Directions for this task |
Could you restate the data word for word and drop the pictures?

Stored entries:

-*-*-

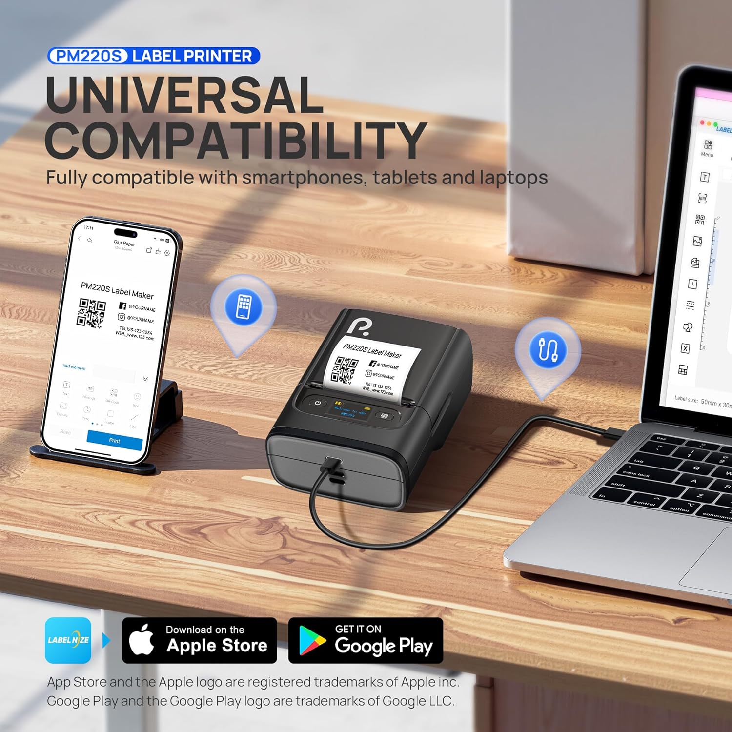 - 【Easy to Use】PM220S Bluetooth Label Maker compatible with iOS & Android and PC. For iOS & Android mobile phone, please download the "Labelnize" APP to Print via Bluethooth. For PC, you need to download the driver and APP, please visit "polono.com" to obtain the PM220S label printer computer driver and APP. Notice: Please DO NOT connect directly via Bluetooth for all devices
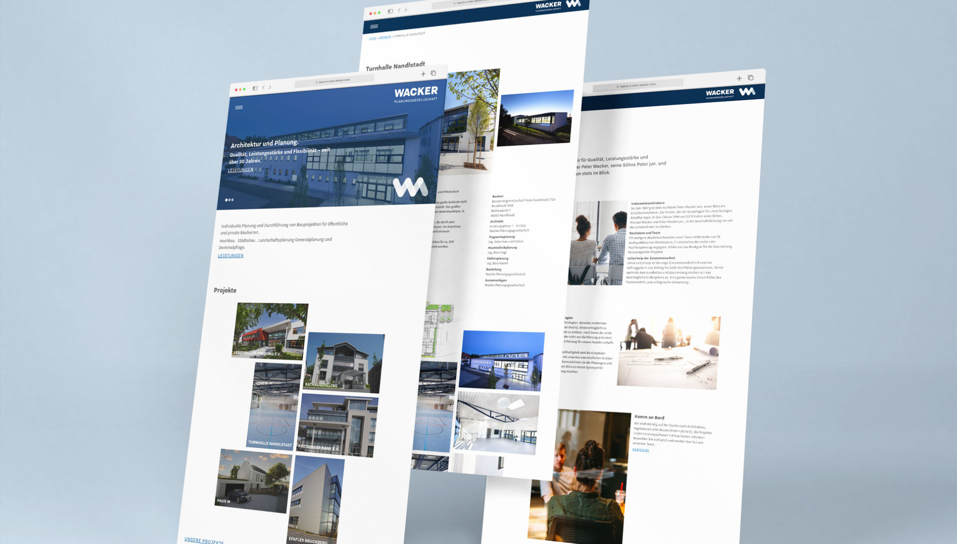 Die Wacker Planungsgesellschaft aus Nandlstadt vereint Architektur und Bauingenieurwesen unter einem Dach. Als langjähriger Partner für komplexe Bauvorhaben im Raum Freising steht das Unternehmen für technische Präzision, gestalterische Substanz und großer Erfahrung in der Umsetzung von öffentlichen und privaten Bauvorhaben. Unsere Aufgabe war es, diese gewachsene Expertise in eine zeitgemäße, visuelle Identität zu übersetzen.
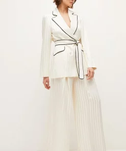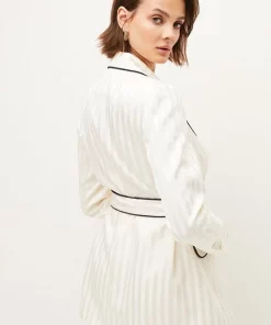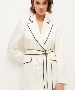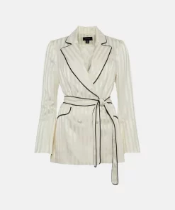 The epitome of effortless luxury, this sumptuously soft satin jacket makes an elevated addition to your tailoring wardrobe. In a draped, belted cut, it shows off a subtle shine complemented with a tonal stripe detail as a considered detail. Modern black piped trims add a dash of drama to the curved lapels, belt and flap pockets. Wear with a simple cami top and matching trousers for a timeless combination.
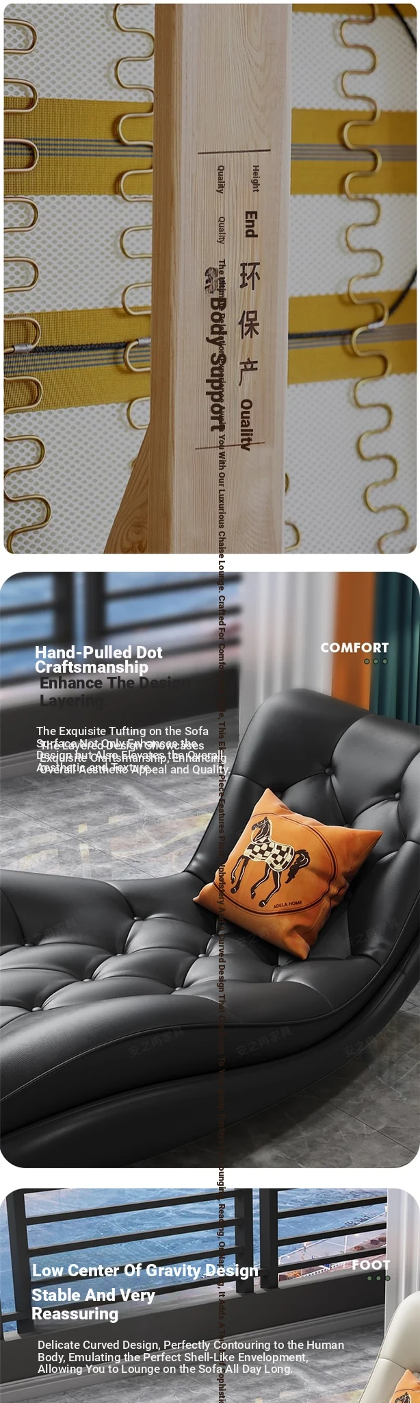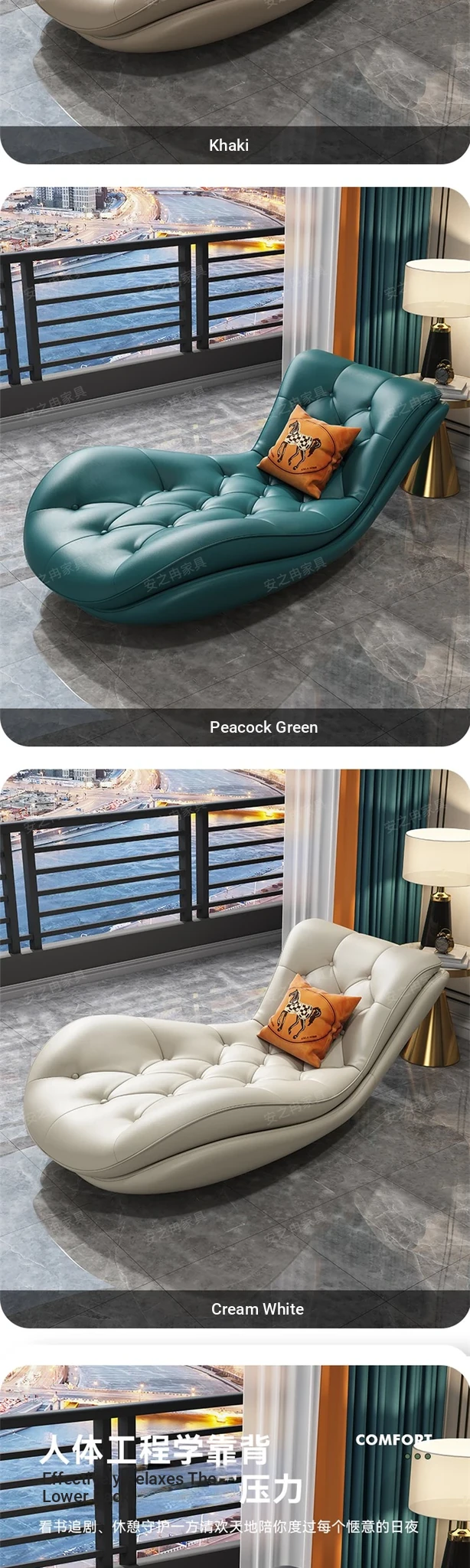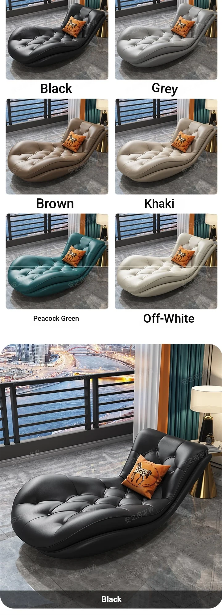 Luxury Genuine Leather Chaise Lounge - Modern Minimalist High-End Sofa for Small Apartments, Perfect for Living Room and Bedroom Relaxation.
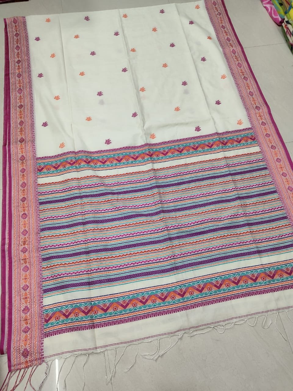 Celebrate the beauty of handloom craftsmanship with this elegant cotton saree. Designed for comfort and styled for impact, it features fine weaving details and a smooth texture that enhances its luxurious appeal. A perfect blend of tradition and contemporary fashion for the modern wardrobe.

-*-*-

Exercise response |
 - 【Easy to Use】PM220S Bluetooth Label Maker compatible with iOS & Android and PC. For iOS & Android mobile phone, please download the "Labelnize" APP to Print via Bluethooth. For PC, you need to download the driver and APP, please visit "polono.com" to obtain the PM220S label printer computer driver and APP. Notice: Please DO NOT connect directly via Bluetooth for all devices
 Die Wacker Planungsgesellschaft aus Nandlstadt vereint Architektur und Bauingenieurwesen unter einem Dach. Als langjähriger Partner für komplexe Bauvorhaben im Raum Freising steht das Unternehmen für technische Präzision, gestalterische Substanz und großer Erfahrung in der Umsetzung von öffentlichen und privaten Bauvorhaben. Unsere Aufgabe war es, diese gewachsene Expertise in eine zeitgemäße, visuelle Identität zu übersetzen.
 The epitome of effortless luxury, this sumptuously soft satin jacket makes an elevated addition to your tailoring wardrobe. In a draped, belted cut, it shows off a subtle shine complemented with a tonal stripe detail as a considered detail. Modern black piped trims add a dash of drama to the curved lapels, belt and flap pockets. Wear with a simple cami top and matching trousers for a timeless combination.
 Luxury Genuine Leather Chaise Lounge - Modern Minimalist High-End Sofa for Small Apartments, Perfect for Living Room and Bedroom Relaxation.
 Celebrate the beauty of handloom craftsmanship with this elegant cotton saree. Designed for comfort and styled for impact, it features fine weaving details and a smooth texture that enhances its luxurious appeal. A perfect blend of tradition and contemporary fashion for the modern wardrobe.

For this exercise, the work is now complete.